## TASK STATEMENT
Restate exactly the lines from the top of the listing below to the line containing "The subject matters"; the remaining lines are not wanted.

______

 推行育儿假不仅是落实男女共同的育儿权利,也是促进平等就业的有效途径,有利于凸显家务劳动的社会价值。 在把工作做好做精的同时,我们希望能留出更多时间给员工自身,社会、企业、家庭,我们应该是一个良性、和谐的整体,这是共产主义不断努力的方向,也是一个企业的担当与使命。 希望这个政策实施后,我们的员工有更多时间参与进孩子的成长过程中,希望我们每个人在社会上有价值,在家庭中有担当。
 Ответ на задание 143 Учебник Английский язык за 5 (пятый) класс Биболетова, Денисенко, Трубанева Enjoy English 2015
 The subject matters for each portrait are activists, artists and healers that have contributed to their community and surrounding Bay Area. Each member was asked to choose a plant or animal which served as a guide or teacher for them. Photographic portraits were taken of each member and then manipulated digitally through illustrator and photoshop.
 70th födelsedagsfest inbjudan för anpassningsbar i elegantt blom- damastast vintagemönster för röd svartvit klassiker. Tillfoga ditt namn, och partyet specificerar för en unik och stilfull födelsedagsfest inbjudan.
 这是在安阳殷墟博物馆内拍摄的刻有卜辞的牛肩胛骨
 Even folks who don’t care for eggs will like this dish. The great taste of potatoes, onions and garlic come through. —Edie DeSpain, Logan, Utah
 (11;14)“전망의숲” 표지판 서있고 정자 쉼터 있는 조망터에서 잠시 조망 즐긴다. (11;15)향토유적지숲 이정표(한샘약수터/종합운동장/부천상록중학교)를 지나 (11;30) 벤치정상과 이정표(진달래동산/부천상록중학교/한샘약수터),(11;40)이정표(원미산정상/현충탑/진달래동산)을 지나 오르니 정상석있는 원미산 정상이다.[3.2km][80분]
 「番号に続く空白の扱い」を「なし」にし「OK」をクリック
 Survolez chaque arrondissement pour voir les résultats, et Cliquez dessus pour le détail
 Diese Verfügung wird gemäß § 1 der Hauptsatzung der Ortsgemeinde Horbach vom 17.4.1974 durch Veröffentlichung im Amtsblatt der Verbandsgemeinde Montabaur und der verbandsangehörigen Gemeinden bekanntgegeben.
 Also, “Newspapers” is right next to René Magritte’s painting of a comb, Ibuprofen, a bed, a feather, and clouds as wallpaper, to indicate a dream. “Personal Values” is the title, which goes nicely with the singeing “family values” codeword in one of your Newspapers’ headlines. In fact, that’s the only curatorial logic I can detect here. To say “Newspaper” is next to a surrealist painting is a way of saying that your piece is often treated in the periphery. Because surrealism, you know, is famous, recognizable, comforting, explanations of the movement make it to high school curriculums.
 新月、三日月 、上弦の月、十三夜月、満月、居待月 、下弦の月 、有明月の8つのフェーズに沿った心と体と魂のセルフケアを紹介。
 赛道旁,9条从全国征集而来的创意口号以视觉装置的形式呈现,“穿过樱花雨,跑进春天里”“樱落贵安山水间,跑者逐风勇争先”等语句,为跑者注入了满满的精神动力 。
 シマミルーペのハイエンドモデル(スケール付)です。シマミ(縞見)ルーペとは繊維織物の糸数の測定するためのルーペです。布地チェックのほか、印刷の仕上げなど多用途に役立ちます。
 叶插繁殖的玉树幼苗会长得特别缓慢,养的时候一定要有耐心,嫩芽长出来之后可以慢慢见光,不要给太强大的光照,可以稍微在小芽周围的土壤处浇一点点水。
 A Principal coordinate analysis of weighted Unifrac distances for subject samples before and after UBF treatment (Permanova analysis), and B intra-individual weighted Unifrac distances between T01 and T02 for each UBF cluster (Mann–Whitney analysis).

______

## SOLUTION
 推行育儿假不仅是落实男女共同的育儿权利,也是促进平等就业的有效途径,有利于凸显家务劳动的社会价值。 在把工作做好做精的同时,我们希望能留出更多时间给员工自身,社会、企业、家庭,我们应该是一个良性、和谐的整体,这是共产主义不断努力的方向,也是一个企业的担当与使命。 希望这个政策实施后,我们的员工有更多时间参与进孩子的成长过程中,希望我们每个人在社会上有价值,在家庭中有担当。
 Ответ на задание 143 Учебник Английский язык за 5 (пятый) класс Биболетова, Денисенко, Трубанева Enjoy English 2015
 The subject matters for each portrait are activists, artists and healers that have contributed to their community and surrounding Bay Area. Each member was asked to choose a plant or animal which served as a guide or teacher for them. Photographic portraits were taken of each member and then manipulated digitally through illustrator and photoshop.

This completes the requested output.